Quantitative Real-Time PCR Assays

Total RNA was extracted from the collected cells of R. solanacearum using the RNAiso Plus reagent, according to the manufacturer’s instructions (Takara Bio Inc., Shanghai, China). RNA degradation and contamination were checked on 1% agarose gels, and RNA concentration and purity were monitored using a Thermo Scientific NanoDrop One spectrophotometer (Thermo Fisher Scientific, Inc., USA). cDNA was synthesized from 0.8 μg of total RNA using the PrimeScript II 1st Strand cDNA Synthesis Kit (Takara Bio Inc., Shanghai, China).

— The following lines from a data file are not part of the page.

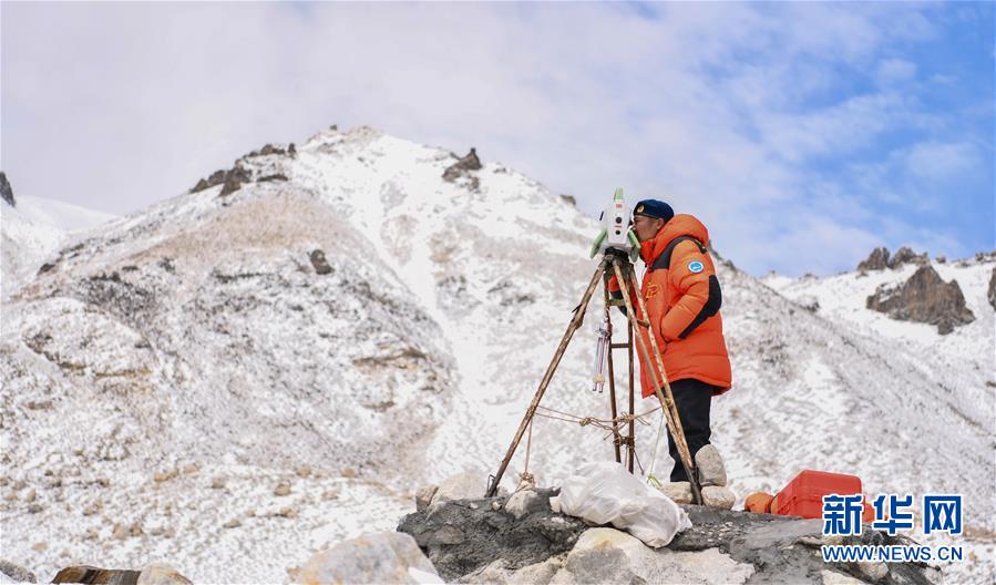 自然資源部第一大地測量隊(duì)隊(duì)員鄭林在使用全站儀對(duì)珠峰峰頂進(jìn)行交會(huì)觀測(5月27日攝)。新華社記者普布扎西攝
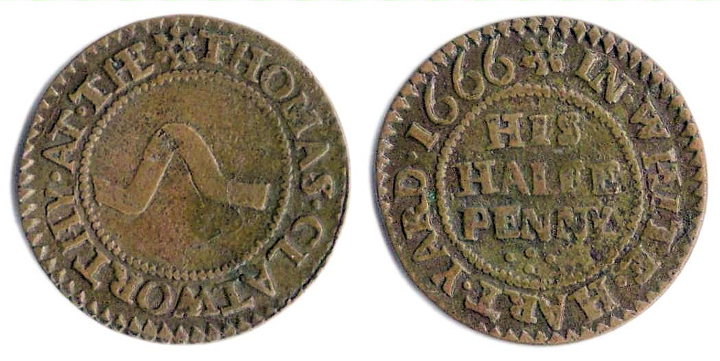 The above copper half penny measures 21.0 mm and weighs 2.59 grams. It was issued by Thomas Clatworthy at the sign of the Crooked Billet (i.e. a crooked stick) in White Hart Yard in 1666.
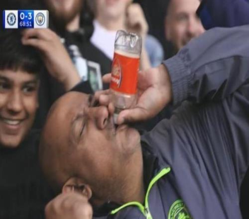 吹阿森納水瓶的球迷:瓶子是以前口渴時(shí)找槍手替補(bǔ)席要的
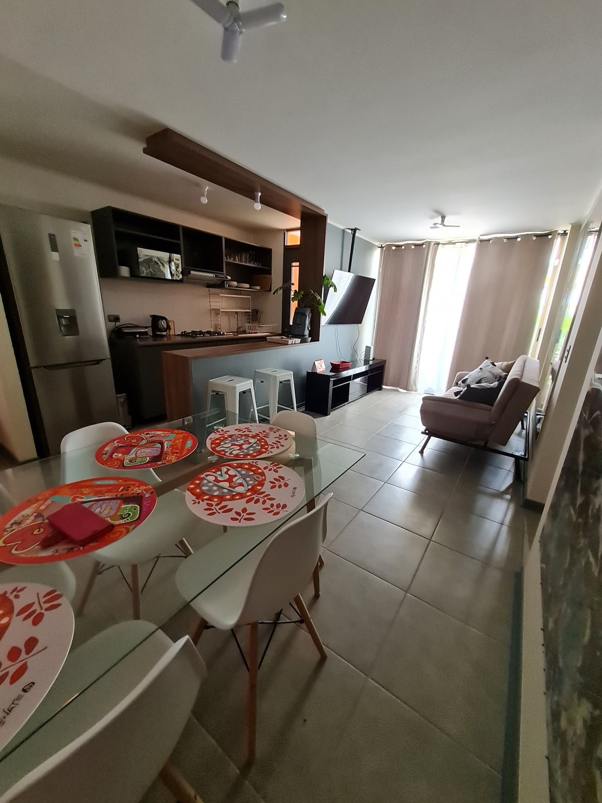 Amplio departamento remodelado completamente. A pasos del centro, mall casino Luckya y boulevard de comida internacional. Ubicado en un condominio cerrado con 3 accesos uno de los cuales con tan solo 8 escalones . Con áreas verdes y grato ambiente familiar. Está equipado con living dos comedores para 4 personas cada uno, una terraza interior con una privilegiada ventilación y vista al casino. Un espacio que invita a la relajación y descanzo. host speaks fluent english.
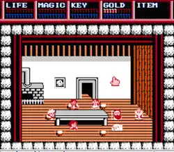 The characters in Legacy of the Wizard must utilize several magical items in their quest. These can be acquired from chests or bought in shops that are sometimes located in very impractical locations. Item effects include restoring the character's health and magic power, boosting attack power or range, or environmental effects like enabling the character to fly or move special bricks. Some items can only be used by certain characters, and since accomplishing the goals requires the use of these items, it is up to the player to determine which character must be used to regain each crown. Acquiring these items and finding how to properly use them is the essence of Legacy of the Wizard.
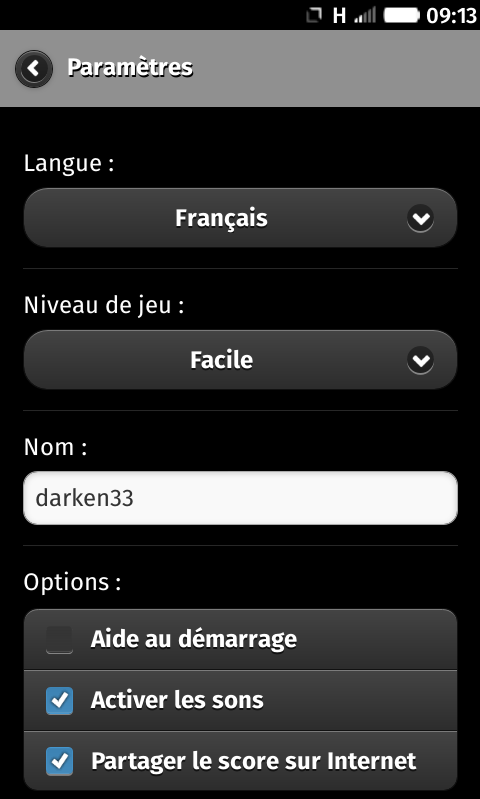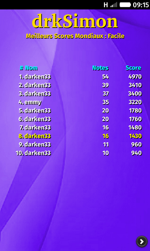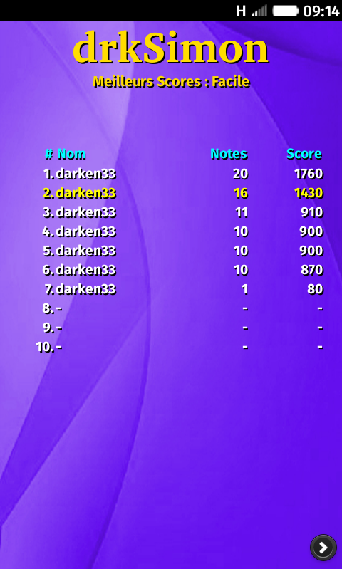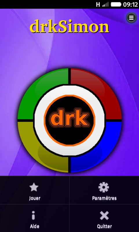 drkSimon - The famous electronic game of th 80's simon as Free Software. Introduction drkSimon is a memory game for smartphones. It uses the principle of the famous 80's arcade game Simon. This game is developed and maintained by Philippe Bousquet <[email protected]> since October 2013 and is distributed under the terms of the GNU General Public License v3. The graphics were designed by Philippe Bousquet and distributed under license Creative Commons BY-SA. The sound effects have been made through free software, such as Jackd, Qsynth et Audacity, and are also distributed under license Creative Commons BY-SA. For more information and follow the news of this game please visit the drkSimon's web page : http://darken33.free.fr/wordpress/?p=762. You can also download the source code of this application as a free software. How to play? To bring up the menu simply press the menu button, then you can define the level of play in the settings. To start a game, press the Simon, you must repeat the color sequence proposed by the game.As long as you do not make an error, a color is added to the sequence. How long will you take before you make a mistake ? Good luck

All quantitative real-time PCR (qRT-PCR) analyses were performed on the ABI 7500 Manager (Life Technologies Holdings Pte. Ltd., Singapore) in a 15 μL reaction system, which consisted of 5 μL of 3× SYBR Green qPCR mix (Takara Bio Inc., Shanghai, China), 5 μL of diluted cDNA, 0.3 μL of 50 × Rox, 0.4 mM each primer, and 3.5 μL of ddH2O. The amplification protocols were as follows: 2 min at 95 °C, followed by 40 cycles of 95 °C for 15 s, 60 °C for 45 s, and 72 °C for 30 s. After that, a melting curve from 60 to 95 °C was applied to test the specificity and consistency of the PCR products. Normalized gene expression was calculated by the Bio-Rad CFX Manager 3.0 software using the Δ Δ Cq method.

LC–MS-Based Multivariate Analysis

Comparative analyses of different fractions were performed on an ACQUITY UPLC system coupled with a triple-quadrupole Xevo TQD mass spectrometer (Waters MS Technologies, Manchester, UK). An ACQUITY UPLC BEH C18 column (2.1 mm × 50 mm, 1.7 μm) was employed, and the column temperature was maintained at 40 °C. Gradient elution with acetonitrile that contained 0.1% formic acid (A) and water that contained 0.1% formic acid (B) was performed as follows: 0–0.5 min, 20% B; 0.5–2.5 min, 20–65% B; 2.5–5.0 min, 65–70% B; 5.0–7.5 min, 70–80% B; 7.5–11.0 min, 80–95% B; and 11.0–13.0 min, 95% B; the column was reconditioned at 20% B for 2 min to prepare for the next injection. The flow rate was set at 0.3 mL/min. The auto-sampler was conditioned at 25 °C, and the injection volume of the solution was 2 μL for analysis. Mass spectrometric detection was performed on a Xevo TQD equipped with an electrospray ionization source (ESI). The capillary voltage was set to 3.5 kV, and the source temperature was maintained at 150 °C. The collision gas was Ar, N2 gas was used as desolvation at 400 °C, cone gas was at a flow rate of 750 L/h, and cone gas was set to 50 L/h. Both positive and negative data were collected by MS mode using a scan time of 0.5 s.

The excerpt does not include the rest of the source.